This section covers only the portion required to build Intel® Distribution of Caffe* with multi-node support using Makefile. Please refer to Caffe documentation for general information on how to build Caffe using Makefile.

Start by changing work directory to the location where Intel® Distribution of Caffe* repository have been downloaded (e.g. ~/intelcaffe).

$ cd ~/intelcaffe

Make a copy of Makefile.config.example, and name it Makefile.config

$ cp Makefile.config.example Makefile.config

Open Makefile.config in your favorite editor and make sure the USE_MLSL variable is uncommented (by default it's uncommented).

# Intel(r) Machine Learning Scaling Library (uncomment to build with MLSL)
USE_MLSL := 1

Execute make command to build Intel® Distribution of Caffe* with multi-node support.

$ make -j <number_of_physical_cores> -k

Building from CMake

This section covers only the portion required to build Intel® Distribution of Caffe* with multi-node support using CMake. Please refer to Caffe documentation for general information on how to build Caffe using CMake. Start by changing work directory to the location where Intel® Distribution of Caffe* repository have been downloaded (e.g. ~/intelcaffe).

$ cd ~/intelcaffe

Create build directory and change work directory to build directory.

$ mkdir build
$ cd build

Execute the following CMake command in order to prepare the build

$ cmake .. -DBLAS=mkl -DUSE_MLSL=1 -DCPU_ONLY=1

Execute make command to build Intel® Distribution of Caffe* with multi-node support.

$ make -j <number_of_physical_cores> -k
$ cd ..

Populating Caffe Binaries across Cluster Nodes

After successful build, then synchronize intelcaffe directories onto the slave machines. By the way, if you're building intelcaffe on a NFS directory which can be accessed by all nodes (including master and slaves), then you don't need to do below synchronization.

$ ansible ourcluster -m synchronize -a ‘src=~/intelcaffe dest=~/’

Running Multi-node Training with Intel® Distribution of Caffe*

Instructions on how to train CIFAR10 and GoogLeNet are explained in more details in Multi-node CIFAR10 tutorial and Multi-node GoogLeNet tutorial. It is recommended to do CIFAR10 tutorial before you proceed. Here, the GoogLeNet will be trained on 4 node cluster. If you want to learn more about GoogLeNet training see the tutorial mentioned above as well.
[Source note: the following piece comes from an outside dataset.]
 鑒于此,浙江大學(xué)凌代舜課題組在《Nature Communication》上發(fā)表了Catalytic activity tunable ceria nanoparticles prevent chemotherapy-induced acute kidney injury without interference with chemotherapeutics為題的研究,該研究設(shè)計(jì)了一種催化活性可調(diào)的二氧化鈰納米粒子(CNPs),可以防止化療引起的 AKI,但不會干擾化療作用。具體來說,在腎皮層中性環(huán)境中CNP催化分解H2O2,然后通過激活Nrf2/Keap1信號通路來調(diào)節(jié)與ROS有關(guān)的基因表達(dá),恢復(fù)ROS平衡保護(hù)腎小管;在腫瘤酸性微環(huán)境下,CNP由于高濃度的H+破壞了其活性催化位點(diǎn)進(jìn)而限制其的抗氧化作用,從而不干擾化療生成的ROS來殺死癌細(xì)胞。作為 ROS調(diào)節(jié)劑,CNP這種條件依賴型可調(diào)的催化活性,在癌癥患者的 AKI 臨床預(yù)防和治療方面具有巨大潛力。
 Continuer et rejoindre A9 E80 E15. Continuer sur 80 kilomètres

Before you can train anything you need to prepare the dataset. It is assumed that you have already downloaded the ImageNet training and validation datasets, and they are stored on each node in /home/data/imagenet/train directory for training set and /home/data/imagenet/val for validation set. For details you can look at the Data Preparation section of BVLC Caffe examples at http://caffe.berkeleyvision.org/gathered/examples/imagenet.html. You can use your own data sets as well. We prefer to transform the datasets into lmdb format by using scripts like examples/imagenet/create_imagenet.sh.
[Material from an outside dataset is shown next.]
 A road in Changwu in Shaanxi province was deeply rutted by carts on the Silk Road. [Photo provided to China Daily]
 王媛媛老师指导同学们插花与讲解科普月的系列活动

Next step is to create machine file ~/mpd.hosts on master node for controlling the placement of MPI process across the machines:

192.161.32.1
192.161.32.2
192.161.32.3
192.161.32.4

Update lmdb path in your model file models/intel_optimized_models/multinode/googlenet_4nodes/train_val.prototxt:

 name: "GoogleNet"
 layer {
   name: "data"
   type: "ImageData"
   top: "data"
   top: "label"
   include {
   phase: TRAIN
   }
   transform_param {
   mirror: true
   crop_size: 224
   mean_value: 104
   mean_value: 117
   mean_value: 123
   }
   image_data_param {
   source: "/home/data/ilsvrc12_train_lmdb"
   batch_size: 256
   shuffle: true
   }
 }
 layer {
 name: "data"
 type: "ImageData"
 top: "data"
 top: "label"
 include {
 phase: TEST
   }
   transform_param {
   crop_size: 224
   mean_value: 104
   mean_value: 117
   mean_value: 123
   }
   image_data_param {
   source: "/home/data/ilsvrc12_val_lmdb"
   batch_size: 50
   new_width: 256
   new_height: 256
   }
 }

Synchronize the intelcaffe directories, change your working directory to intelcaffe.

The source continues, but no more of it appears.